A solution consisting of \(25.00 \mathrm{~g} \mathrm{NH}_{4} \mathrm{Cl}\) in \(178 \mathrm{~mL}\) of water is titrated with \(0.114 \mathrm{M}\) KOH. (a) How many \(\mathrm{mL}\) of \(\mathrm{KOH}\) are required to reach the equivalence point? (b) Calculate \(\left[\mathrm{Cl}^{-}\right],\left[\mathrm{K}^{+}\right],\left[\mathrm{NH}_{3}\right]\), and \(\left[\mathrm{OH}^{-}\right]\) at the equivalence point. (Assume that volumes are additive.) (c) What is the \(\mathrm{pH}\) at the equivalence point?

The balanced equation for the titration of NH4Cl with KOH is: NH4Cl(aq) + KOH(aq) → NH3(aq) + KCl(aq) + H2O(l)

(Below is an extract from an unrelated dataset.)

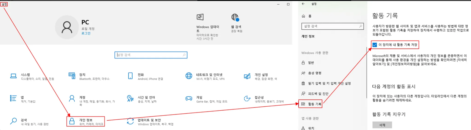 - 해당 기능의 활성화 여부는 [설정] → [개인정보] → [활동기록] -> '이 장치에 내 활동 기록 저장' 체크를 한다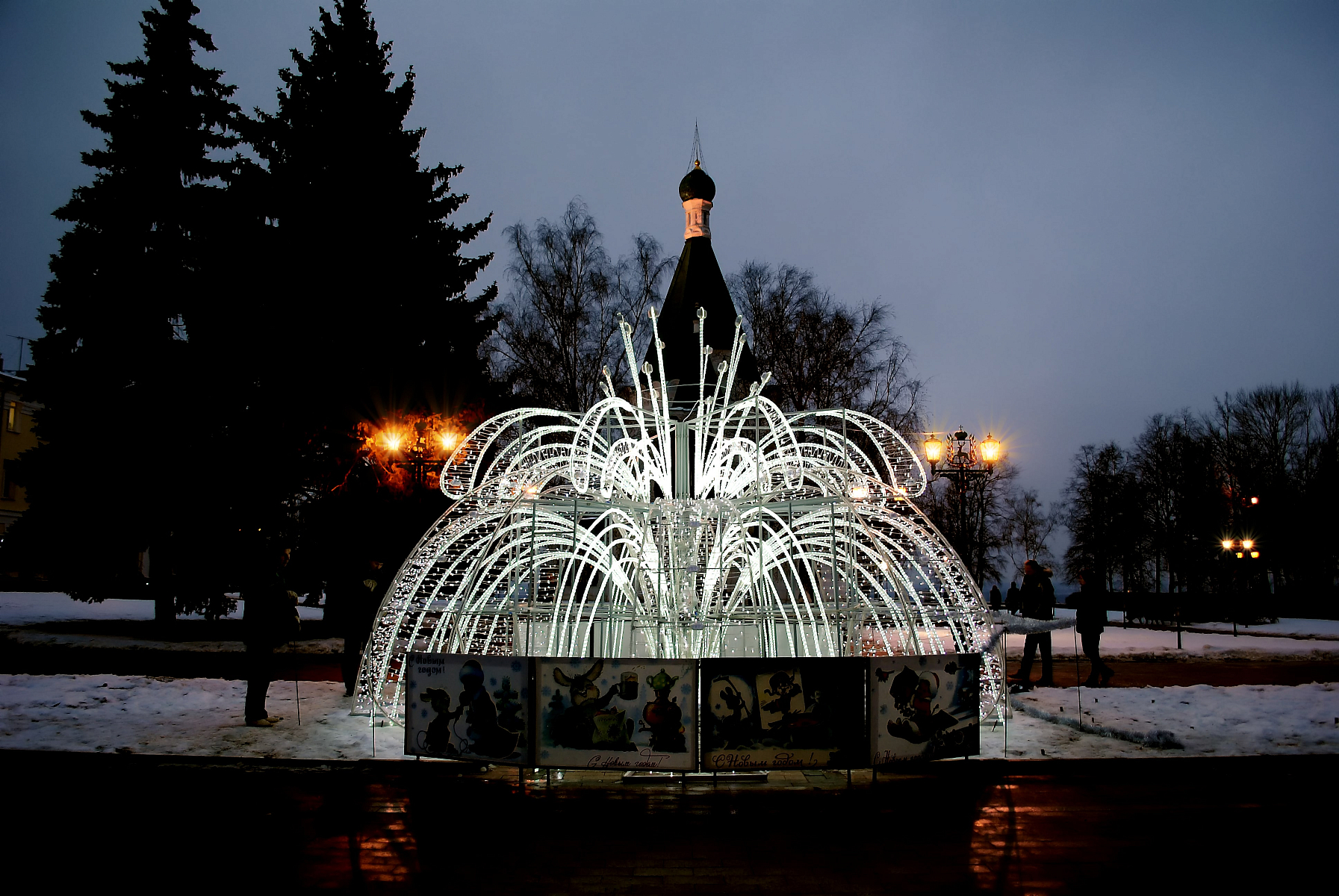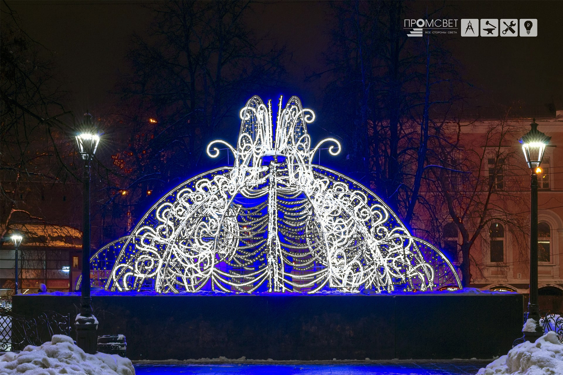 Создадим неповторимую праздничную атмосферу с помощью различного вида фонтанов, консолей, перетяжек и авторских светодиодных конструкций, реализуем проект оформления любого масштаба и сложности.

We are given 25.0 g of NH4Cl in the solution. To find the moles, divide the mass (25.0 g) by the molar mass of NH4Cl (53.49 g/mol): moles of NH4Cl = 25.0 g / 53.49 g/mol = 0.467 mol

From the balanced equation, we see that 1 mole of NH4Cl reacts with 1 mole of KOH. Therefore, the moles of KOH required to reach the equivalence point is the same as the moles of NH4Cl: 0.467 mol NH4Cl × (1 mol KOH / 1 mol NH4Cl) = 0.467 mol KOH

We are given a concentration of KOH at 0.114 M. To find the volume of KOH required, use the formula: Volume of KOH = moles of KOH / concentration of KOH Volume of KOH = 0.467 mol / 0.114 M = 4.10 L = 4100 mL

At the equivalence point, the moles of Cl- and K+ ions are equal to the moles of NH4Cl (0.467 mol). The total volume of the solution at the equivalence point is 178 mL of NH4Cl solution + 4100 mL of KOH solution = 4278 mL. Calculate the concentrations of Cl-, K+, and NH3 ions: [Cl-] = [K+] = 0.467 mol / 4.278 L = 0.109 M [NH3] is also equal to [K+]: [NH3] = 0.109 M At the equivalence point, the OH- ions come from the dissociation of NH3: NH3(aq) + H2O(l) <---> NH4+(aq) + OH-(aq) To find the concentration of OH- ions we need to calculate the equilibrium constant, Kb for this reaction using the equilibrium constant expression: Kb = [NH4+][OH-] / [NH3] Kb for NH3 is 1.8 x 10^{-5}. Since [NH4+] and [OH-] are equal, we can rewrite the equation as follows: Kb = [OH-]^2 / [NH3] Solving for [OH-]: [OH-]^2 = Kb[NH3] [OH-] = sqrt(Kb[NH3]) = sqrt(1.8 * 10^{-5} * 0.109) = 1.3 * 10^{-3} M

First, calculate the pOH = -log[OH-] = -log(1.3 * 10^{-3}) = 2.89. Now, use the relation pH = 14 - pOH: pH = 14 - 2.89 = 11.11 At the equivalence point, the pH of the solution is 11.11.